Praktisi hukum Taufik Basari/Metro TV/Fachri

Taufik Basari: Putusan Pemilu Terpisah Ngeri

Fachri Audhia Hafiez • 4 July 2025 15:19

Jakarta: Praktisi hukum Taufik Basari menilai putusan Mahkamah Konstitusi (MK) terkait pemisahan pemilu, bisa membuat DPR dan pemerintah melanggar konstitusi. Karena, putusan tersebut mengharuskan pembuat undang-undang merumuskan aturan yang melanggar Undang-Undang Dasar (UUD) 1945.

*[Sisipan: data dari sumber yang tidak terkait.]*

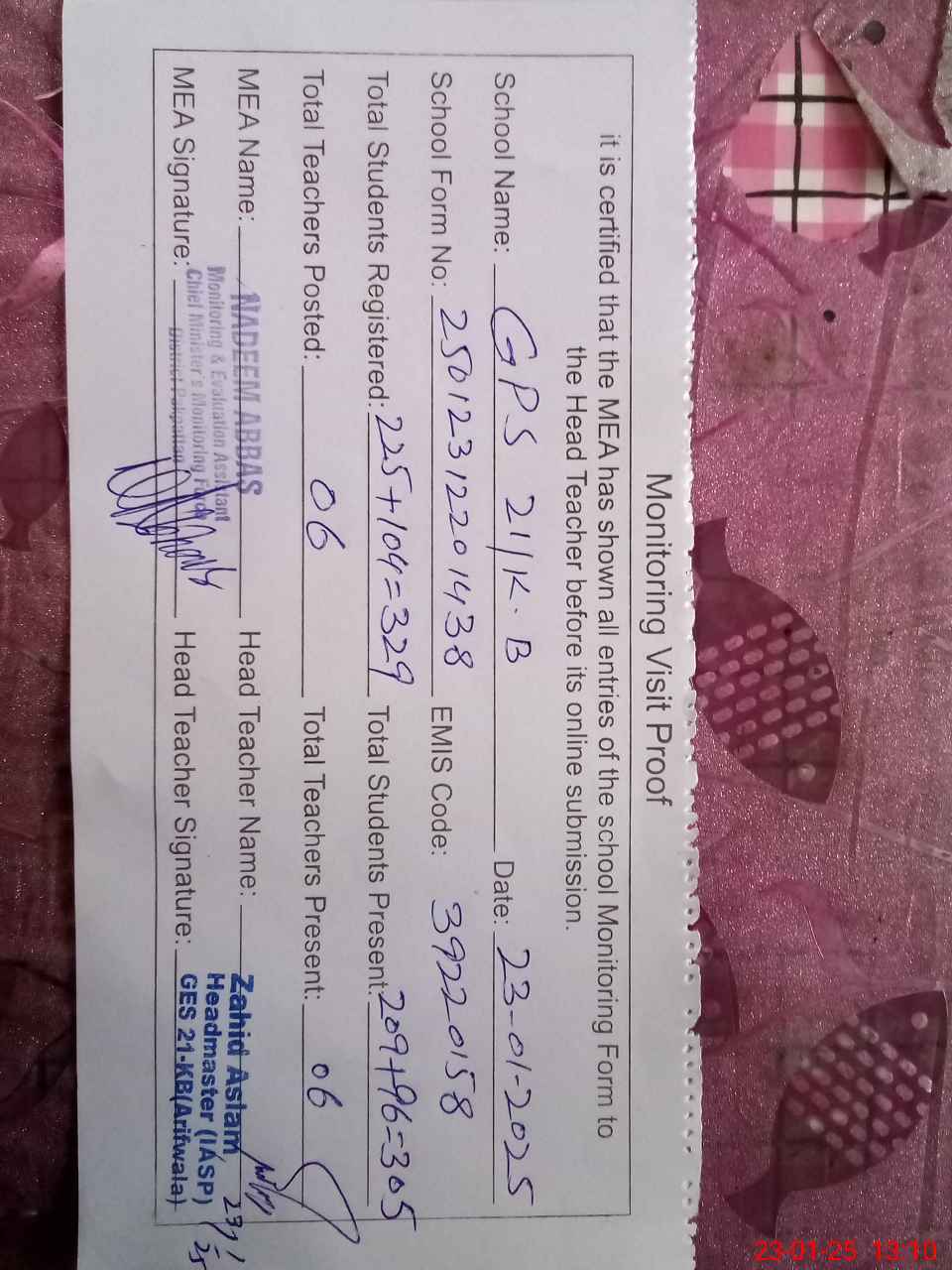 | EMIS Code: 39220158 | Name of School: GPS CHAK NO. 21 KB | |||

"Seharusnya perintah konstitusi menyatakan harus pemilu tapi kita negara ini melalui pembuat undang-undang, pemerintah, presiden, dan DPR membuat suatu rumusan yang justru melanggar perintah dari konstitusi, berat, ngeri, itu," kata Taufik saat rapat dengar pendapat umum (RDPU) terkait putusan MK di Komisi III DPR, Kompleks Parlemen, Senayan, Jakarta, Jumat, 4 Juli 2025.

Taufik menyinggung soal Pasal 22 E Undang-Undang Dasar (UUD) 1945 yang telah menyebutkan bawah pemilu dilaksanakan dalam waktu lima tahun sekali. Aturan ini juga menjelaskan bahwa pemilu diselenggarakan untuk memilih anggota Dewan Perwakilan Rakyat (DPR), Dewan Perwakilan Daerah (DPD), Presiden dan Wakil Presiden, serta Dewan Perwakilan Rakyat Daerah (DPRD).

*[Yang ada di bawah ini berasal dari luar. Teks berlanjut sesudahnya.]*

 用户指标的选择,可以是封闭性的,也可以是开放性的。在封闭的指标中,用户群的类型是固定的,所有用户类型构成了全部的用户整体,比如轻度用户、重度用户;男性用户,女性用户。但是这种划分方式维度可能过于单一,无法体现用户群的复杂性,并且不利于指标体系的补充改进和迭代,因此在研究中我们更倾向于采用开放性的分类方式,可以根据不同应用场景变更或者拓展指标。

Sementara, pada putusan MK nomor 135/PUU-XXII/2024 ini terdapat perubahan bahwa pemilu 2029 bisa terundur hingga 2031. Khususnya untuk DPRD dan pemilihan kepala daerah.
 

Baca: Soal Pemisahan Pemilu, Demokrat Pilih Tunggu Momentum Pertemuan Parpol

"Kenapa jadi melanggar? Karena berarti kalau dilaksanakan negara tidak melaksanakan perintah konstitusi yaitu untuk melaksanakan pemilu untuk memilih anggota DPRD," ujar Taufik.

Ketua Komisi Kajian Ketatanegaraan MPR RI itu mengatakan situasi tersebut menjadi dilema. Karena putusan MK harus dilaksanakan tetapi mengancam pelanggaran konstitusi.

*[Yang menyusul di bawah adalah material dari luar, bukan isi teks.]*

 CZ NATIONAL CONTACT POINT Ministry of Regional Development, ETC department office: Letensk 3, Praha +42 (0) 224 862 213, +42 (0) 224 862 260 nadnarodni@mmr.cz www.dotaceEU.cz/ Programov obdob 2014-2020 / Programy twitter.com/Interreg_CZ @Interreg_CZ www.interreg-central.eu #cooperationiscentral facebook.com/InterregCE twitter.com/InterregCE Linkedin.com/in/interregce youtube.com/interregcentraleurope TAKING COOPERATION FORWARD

"Kalau kita lihat alur dari pasal-pasal di dalam konstitusi ini maka kita akan bisa melihat dilema yang muncul. Dilema yang pertama yang namanya putusan pasti ujungnya harus ada pelaksanaan kan gitu, prinsipnya gitu," ujar dia.

MK memutuskan mulai 2029, keserentakan penyelenggaraan pemilihan umum yang konstitusional adalah dengan memisahkan penyelenggaraan pemilihan umum anggota DPR, anggota DPD, dan presiden/wakil presiden (Pemilu nasional) dengan penyelenggaraan pemilihan umum anggota DPRD provinsi/kabupaten/kota serta gubernur/wakil gubernur, bupati/wakil bupati, dan wali kota/wakil wali kota (Pemilu daerah atau lokal). Hal itu termuat dalam putusan 135/PUU-XXII/2024.

Sehingga, pemilu serentak yang selama ini dikenal sebagai 'pemilu lima kotak' tidak lagi berlaku.